WORK INSTRUCTION » Return every entry below exactly as written, minus the pictures.

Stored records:

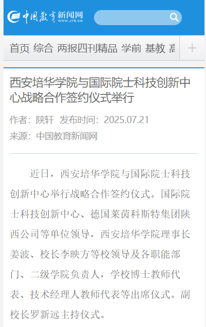 据悉,西安培华学院始终积极践行手脑并用、做学合一的职教理念,将深化产教融合、校企合作作为立校之本与发展引擎。多年来,通过精准对接区域产业发展需求,培华学院在引育高端人才和搭建育人平台方面取得了显著成效。一方面,学校大力实施人才强校战略,已成功引进包括6位两院院士及国际知名院士在内的顶尖学者加盟,为学科建设、科研攻关和高水平人才培养注入了强大的智力支撑。另一方面,学校积极探索协同育人新模式,聚焦重点产业领域,联合行业领军企业,已高质量建成并投入运行12个特色鲜明的现代产业学院。
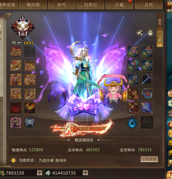 ⭐尊二⭐23战场⭐法师恶霸⭐6700加成⭐316爆伤⭐452皮⭐五神魔⭐双封神
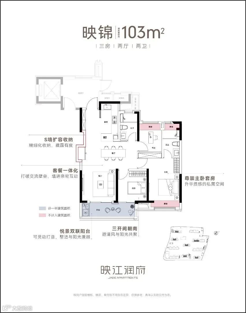 作为华润置地海派3.0作品,映江润府的卷,更在于其硬核的产品力,尤其在户型的设计上,堪称卷到极致。映江润府全盘仅规划89和103两种户型,每个都堪称王炸。
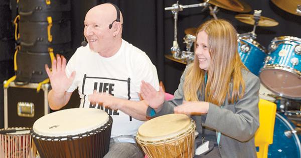 Ex-Status Quo drummer Jeff Rich visited The Langley Academy where he taught pupils about the history of drums before all students had the chance to get involved and play percussion.
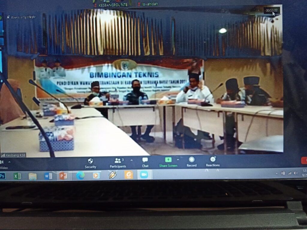 Kepala Bakesbangpoldagri Provinsi NTB sebagai narasumber, mengisi materi secara Daring melalui Zoom Meeting yang diwakili oleh Kepala Bidang Ideologi, Wawasan Kebangsaan dan Karakter Bangsa, Drs. Sufyan.
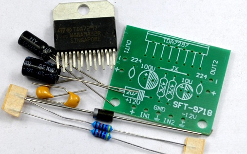 Набор для сборки модуля стерео усилителя на микросхеме TDA7297, мощностью 15 Вт на канал.
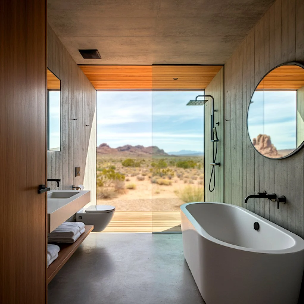 The Desert Hot Springs Retreat is a visionary concept developed through the collaboration of WRYHTA ARCHITECTS and AI technology. These visuals present a bold interpretation of design, seamlessly merging aesthetics and practicality. This project stands as a catalyst for creative thinking, encouraging new perspectives on innovative architectural solutions.
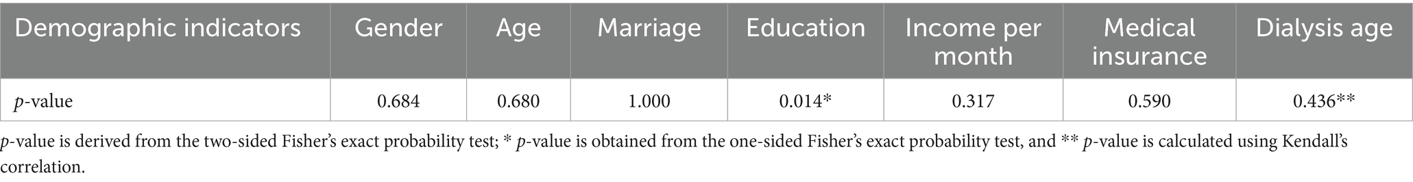 Given the multifaceted nature of diseases and health challenges faced by patients with MHD, the effective application of health management strategies has become a critical focus. Contemporary medical practice in the 21st century is guided by three core principles: patient-centered care, active involvement of patients and their families, and shared decision-making (60). The emphasis in health management has shifted from medical specialist guidance to active patient engagement. In the context of chronic dialysis treatment, patient-reported outcomes should be prioritized over evidence-based clinical indicators (61). Extensive research by prominent scholars and organizations has contributed to advancing self-management among dialysis patients (62–64), yielding significant findings. However, not all studies have yielded favorable outcomes (65). Non-disease-related factors, such as public awareness of dialysis (66), patient-incurred expenses (67), and insurance and reimbursement policies (67), also influence the implementation of health management strategies. For instance, this study found that patients with higher educational attainment exhibited significantly superior compliance (p = 0.014).
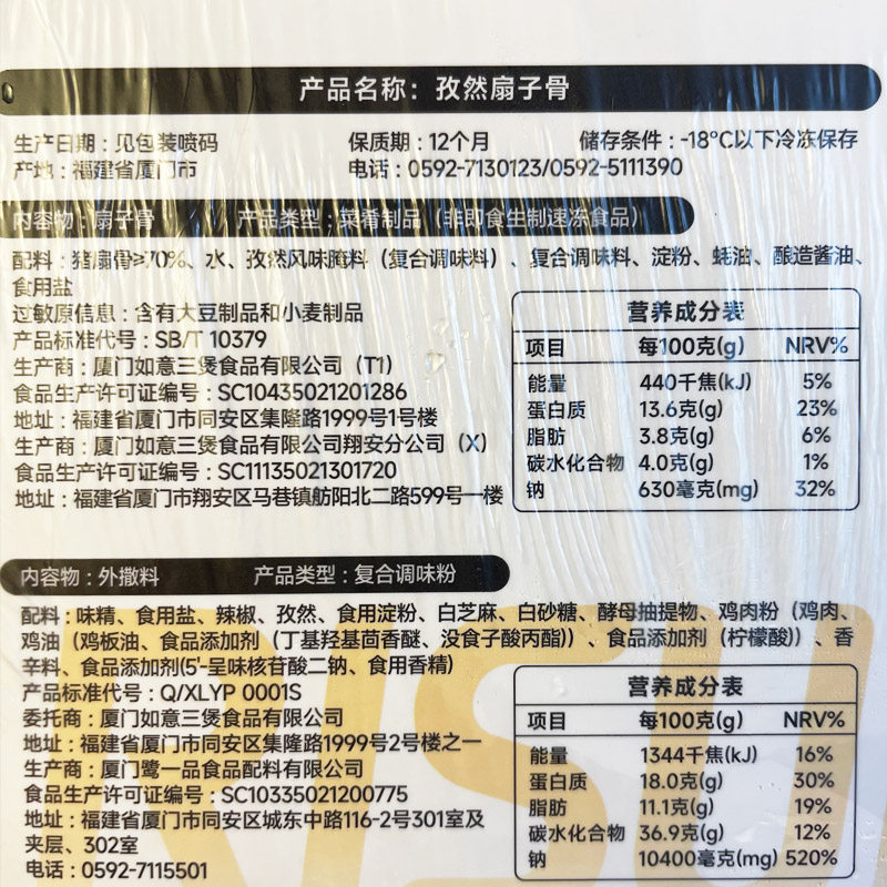 推荐理由:如意三宝孜然扇子骨255g*4盒手抓炸猪排骨免洗切调理半成品酒店用
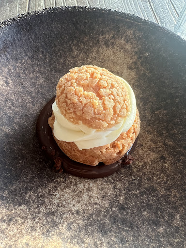 Read moreWe ordered lamb cutlets and sea bream, but they were unbearable to eat because of they were too grilled. The complimentary bread was nice though. Don’t order the vegan desert cremeux aux noisettes because you won’t see or taste any coconut flavor. In desert’s description it says coconut sorbet, however it wasn’t there at all and the waiter told us that apparently coconut sorbet is just one of the ingredients. Our male waiter was rude. The...
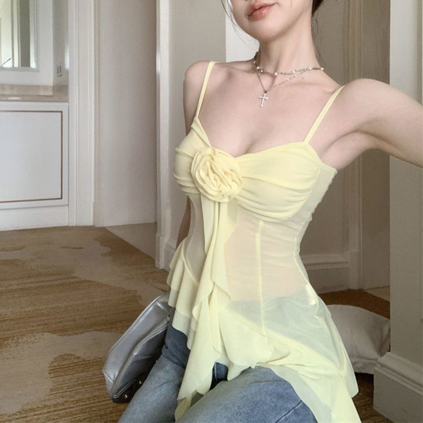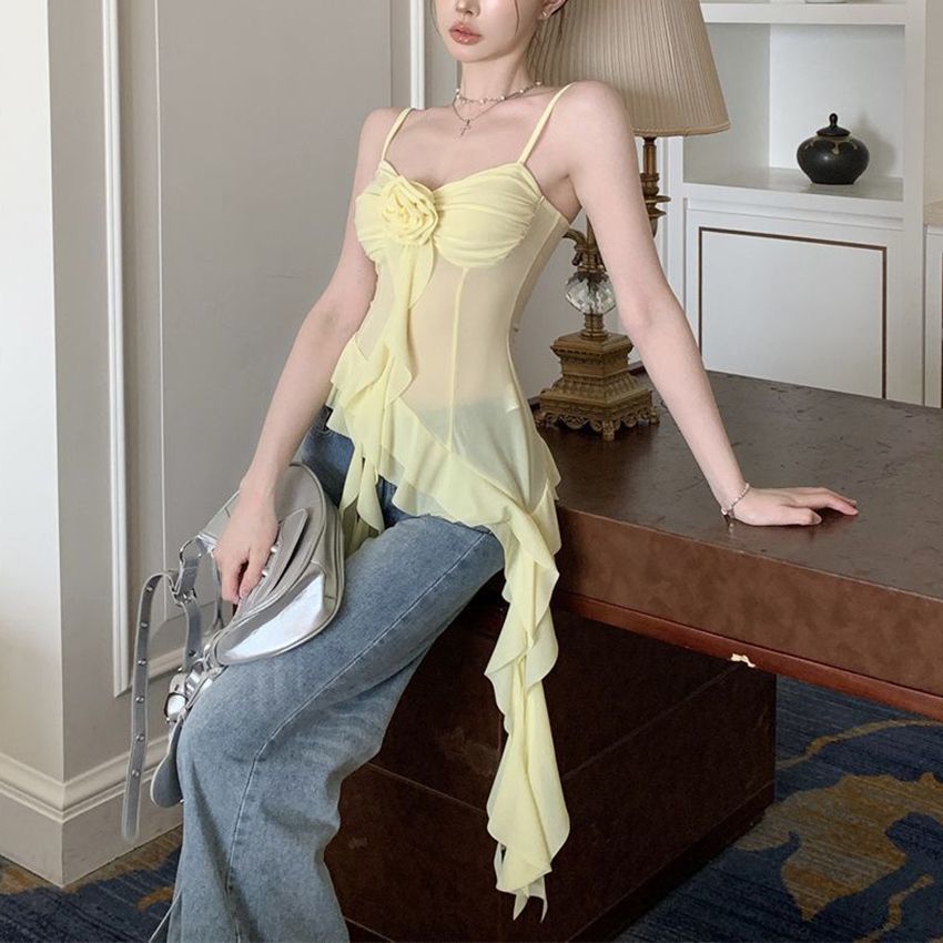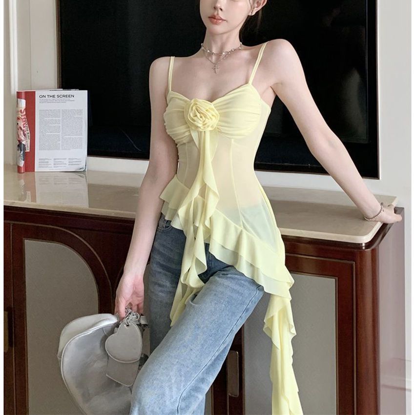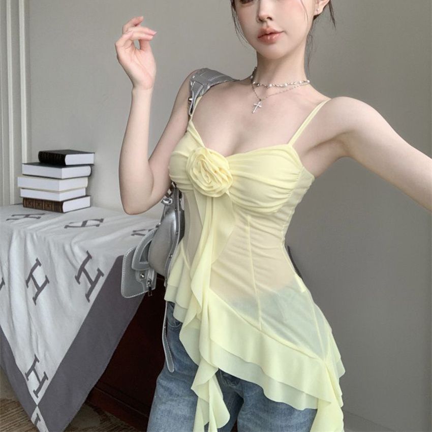 【月销10万】立体花超仙荷叶边拼接吊带氛围感女修身显瘦不规则潮
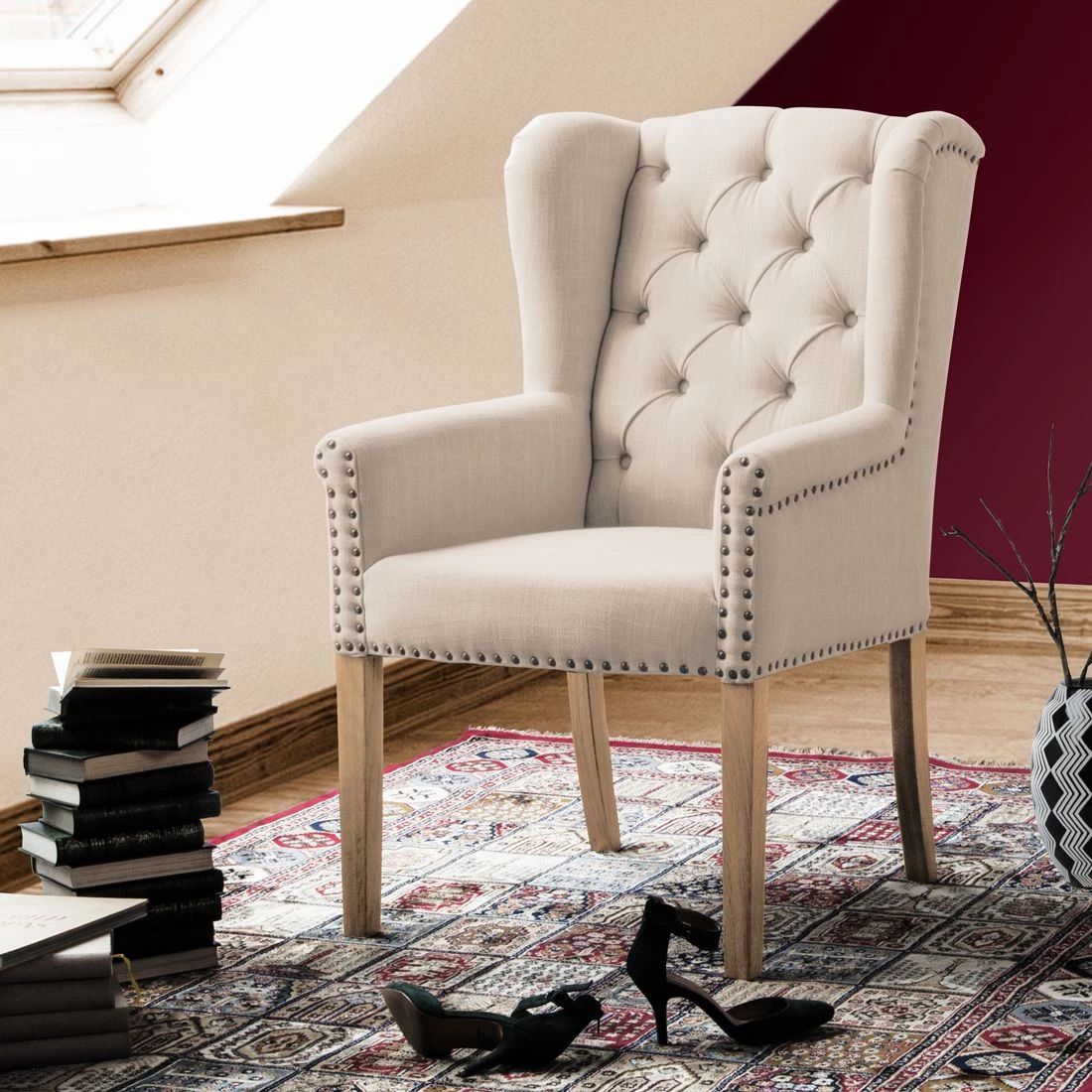 Der Esszimmerstuhl eignet sich nicht nur für den Essbereich, sondern ist auch als Lesesessel perfekt geeignet. Der Esszimmerstuhl ist mit einer weichen Polsterung versehen, die in Kombination mit dem angenehmen Bezugsstoff zu vielen gemütlichen Stunden einlädt. Dank der Armlehnen und der sogenannten Ohren können Sie sowohl die Arme als auch Ihren Kopf entspannt anlehnen. Der britische Lebensstil zeichnet sich durch ein entspanntes Nebeneinander verschiedener Stilrichtungen aus den unterschiedlichsten Epochen aus. Bringen Sie mit dem Esszimmerstuhl Madison die Eleganz britischer Leichtigkeit in Ihren Ess- oder Wohnbereich.
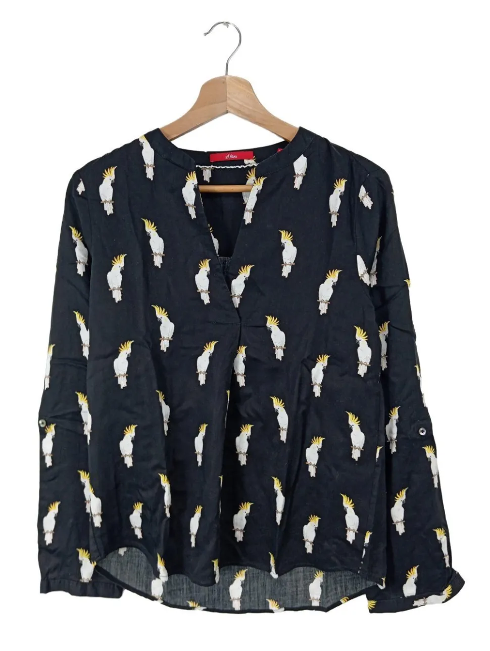 - s.Oliver Langarm-Bluse, schwarz Allover-Druck
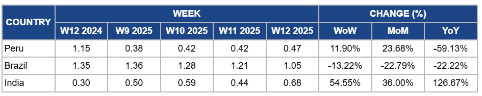 In W12, mango prices in Peru increased by 11.90% week-on-week (WoW) to USD 0.47 per kilogram (kg), marking a 23.68% month-on-month (MoM) rise. This upward trend is primarily due to targeted marketing strategies implemented by the Peruvian Ministry for the Development of Agriculture and Irrigation (MIDAGRI) to support mango producers in Lambayeque, leading to increased demand. Additionally, a commercial agreement between the Earth Fruits Organics Producers Association and the Agroandino processing plant in San Pablo, Cajamarca, secured the sale of 420 tons of Kent mangoes for dehydration. However, year-on-year (YoY) prices declined by 59.13%, reflecting a substantial increase in production. The 2024/25 season is expected to yield approximately 340 thousand tons, a 55% YoY rise, due to improved climatic conditions and expanded use of irrigated crops, resulting in a higher overall market supply.
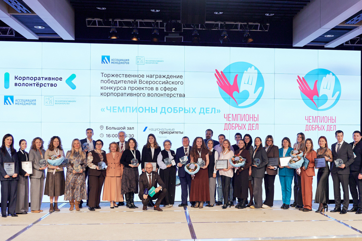 Конкурс «Чемпионы добрых дел» создан для выявления и обобщения лучших практик корпоративного волонтерства в России, а также развития и укрепления диалога между бизнесом и обществом. Его организаторы – Ассоциация менеджеров и Национальный совет по корпоративному волонтерству. Всего в этом году в конкурсе приняли участие 110 российских компаний, среди них – «Газпром нефть», «Аэрофлот», «Татнефть», «Мегафон», «Металлоинвест» и многие другие. По результатам экспертного голосования победителей определили в номинациях: «Гуманитарная помощь», «Здоровье и спорт», «Компетентностное и про боно волонтерство», «Местные сообщества», «Социальное волонтерство», «Старт в корпоративном волонтерстве», «Экология и защита окружающей среды». Также отмечены проекты в пяти специальных номинациях.
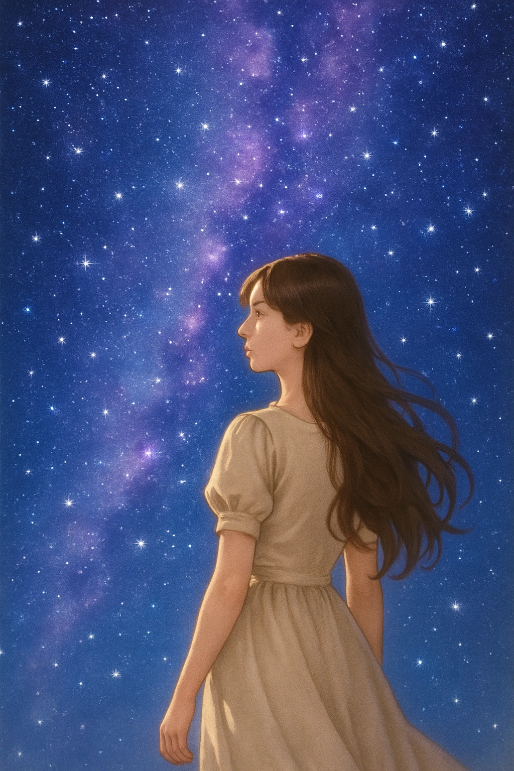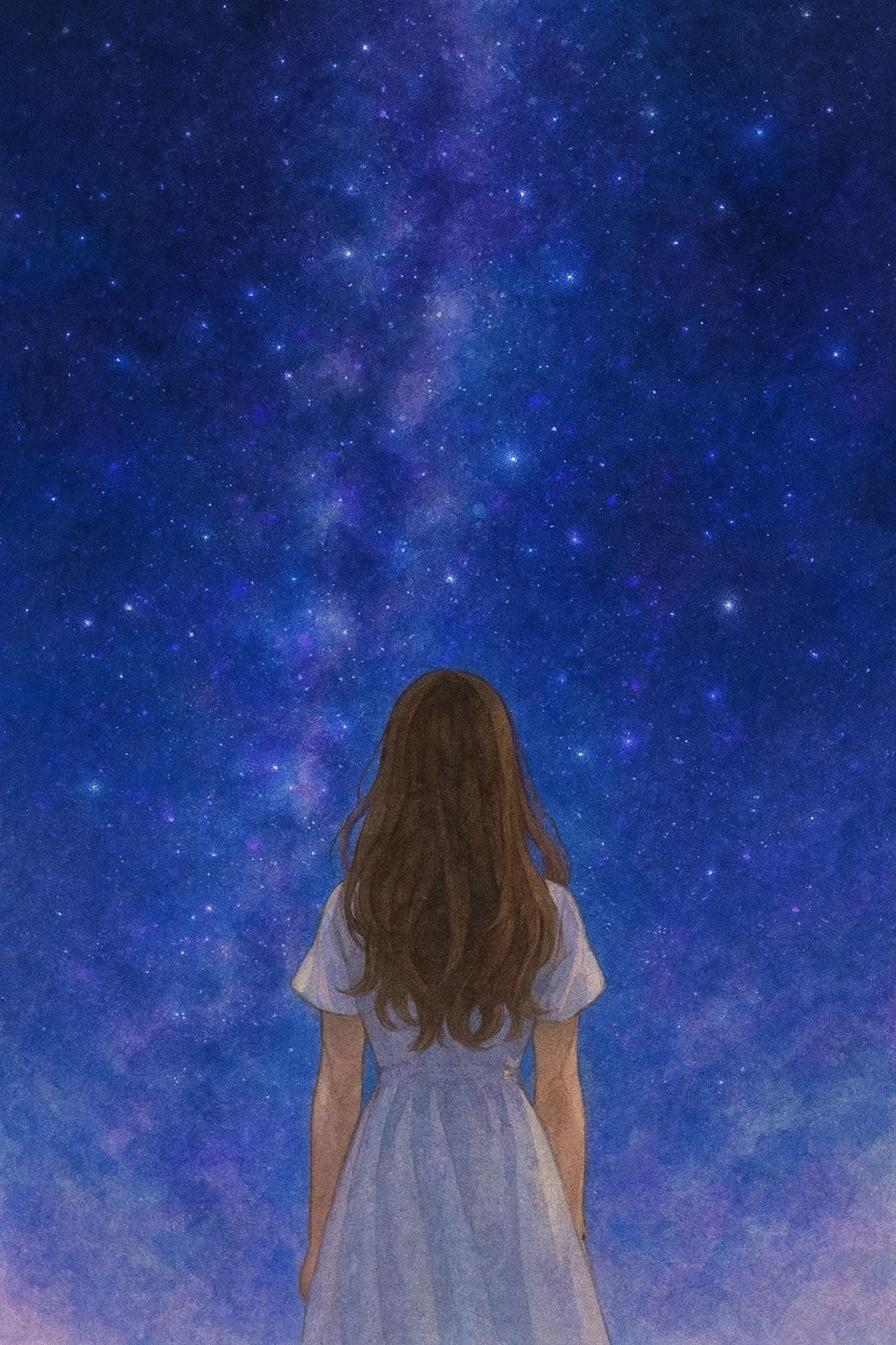 밤하늘을 바라보는 소녀가 있어

EXERCISE RESPONSE »
 据悉,西安培华学院始终积极践行手脑并用、做学合一的职教理念,将深化产教融合、校企合作作为立校之本与发展引擎。多年来,通过精准对接区域产业发展需求,培华学院在引育高端人才和搭建育人平台方面取得了显著成效。一方面,学校大力实施人才强校战略,已成功引进包括6位两院院士及国际知名院士在内的顶尖学者加盟,为学科建设、科研攻关和高水平人才培养注入了强大的智力支撑。另一方面,学校积极探索协同育人新模式,聚焦重点产业领域,联合行业领军企业,已高质量建成并投入运行12个特色鲜明的现代产业学院。
 ⭐尊二⭐23战场⭐法师恶霸⭐6700加成⭐316爆伤⭐452皮⭐五神魔⭐双封神
 作为华润置地海派3.0作品,映江润府的卷,更在于其硬核的产品力,尤其在户型的设计上,堪称卷到极致。映江润府全盘仅规划89和103两种户型,每个都堪称王炸。
 Ex-Status Quo drummer Jeff Rich visited The Langley Academy where he taught pupils about the history of drums before all students had the chance to get involved and play percussion.
 Kepala Bakesbangpoldagri Provinsi NTB sebagai narasumber, mengisi materi secara Daring melalui Zoom Meeting yang diwakili oleh Kepala Bidang Ideologi, Wawasan Kebangsaan dan Karakter Bangsa, Drs. Sufyan.
 Набор для сборки модуля стерео усилителя на микросхеме TDA7297, мощностью 15 Вт на канал.
 The Desert Hot Springs Retreat is a visionary concept developed through the collaboration of WRYHTA ARCHITECTS and AI technology. These visuals present a bold interpretation of design, seamlessly merging aesthetics and practicality. This project stands as a catalyst for creative thinking, encouraging new perspectives on innovative architectural solutions.
 Given the multifaceted nature of diseases and health challenges faced by patients with MHD, the effective application of health management strategies has become a critical focus. Contemporary medical practice in the 21st century is guided by three core principles: patient-centered care, active involvement of patients and their families, and shared decision-making (60). The emphasis in health management has shifted from medical specialist guidance to active patient engagement. In the context of chronic dialysis treatment, patient-reported outcomes should be prioritized over evidence-based clinical indicators (61). Extensive research by prominent scholars and organizations has contributed to advancing self-management among dialysis patients (62–64), yielding significant findings. However, not all studies have yielded favorable outcomes (65). Non-disease-related factors, such as public awareness of dialysis (66), patient-incurred expenses (67), and insurance and reimbursement policies (67), also influence the implementation of health management strategies. For instance, this study found that patients with higher educational attainment exhibited significantly superior compliance (p = 0.014).
 推荐理由:如意三宝孜然扇子骨255g*4盒手抓炸猪排骨免洗切调理半成品酒店用
 Read moreWe ordered lamb cutlets and sea bream, but they were unbearable to eat because of they were too grilled. The complimentary bread was nice though. Don’t order the vegan desert cremeux aux noisettes because you won’t see or taste any coconut flavor. In desert’s description it says coconut sorbet, however it wasn’t there at all and the waiter told us that apparently coconut sorbet is just one of the ingredients. Our male waiter was rude. The...
 【月销10万】立体花超仙荷叶边拼接吊带氛围感女修身显瘦不规则潮
 Der Esszimmerstuhl eignet sich nicht nur für den Essbereich, sondern ist auch als Lesesessel perfekt geeignet. Der Esszimmerstuhl ist mit einer weichen Polsterung versehen, die in Kombination mit dem angenehmen Bezugsstoff zu vielen gemütlichen Stunden einlädt. Dank der Armlehnen und der sogenannten Ohren können Sie sowohl die Arme als auch Ihren Kopf entspannt anlehnen. Der britische Lebensstil zeichnet sich durch ein entspanntes Nebeneinander verschiedener Stilrichtungen aus den unterschiedlichsten Epochen aus. Bringen Sie mit dem Esszimmerstuhl Madison die Eleganz britischer Leichtigkeit in Ihren Ess- oder Wohnbereich.
 - s.Oliver Langarm-Bluse, schwarz Allover-Druck
 In W12, mango prices in Peru increased by 11.90% week-on-week (WoW) to USD 0.47 per kilogram (kg), marking a 23.68% month-on-month (MoM) rise. This upward trend is primarily due to targeted marketing strategies implemented by the Peruvian Ministry for the Development of Agriculture and Irrigation (MIDAGRI) to support mango producers in Lambayeque, leading to increased demand. Additionally, a commercial agreement between the Earth Fruits Organics Producers Association and the Agroandino processing plant in San Pablo, Cajamarca, secured the sale of 420 tons of Kent mangoes for dehydration. However, year-on-year (YoY) prices declined by 59.13%, reflecting a substantial increase in production. The 2024/25 season is expected to yield approximately 340 thousand tons, a 55% YoY rise, due to improved climatic conditions and expanded use of irrigated crops, resulting in a higher overall market supply.
 Конкурс «Чемпионы добрых дел» создан для выявления и обобщения лучших практик корпоративного волонтерства в России, а также развития и укрепления диалога между бизнесом и обществом. Его организаторы – Ассоциация менеджеров и Национальный совет по корпоративному волонтерству. Всего в этом году в конкурсе приняли участие 110 российских компаний, среди них – «Газпром нефть», «Аэрофлот», «Татнефть», «Мегафон», «Металлоинвест» и многие другие. По результатам экспертного голосования победителей определили в номинациях: «Гуманитарная помощь», «Здоровье и спорт», «Компетентностное и про боно волонтерство», «Местные сообщества», «Социальное волонтерство», «Старт в корпоративном волонтерстве», «Экология и защита окружающей среды». Также отмечены проекты в пяти специальных номинациях.
 밤하늘을 바라보는 소녀가 있어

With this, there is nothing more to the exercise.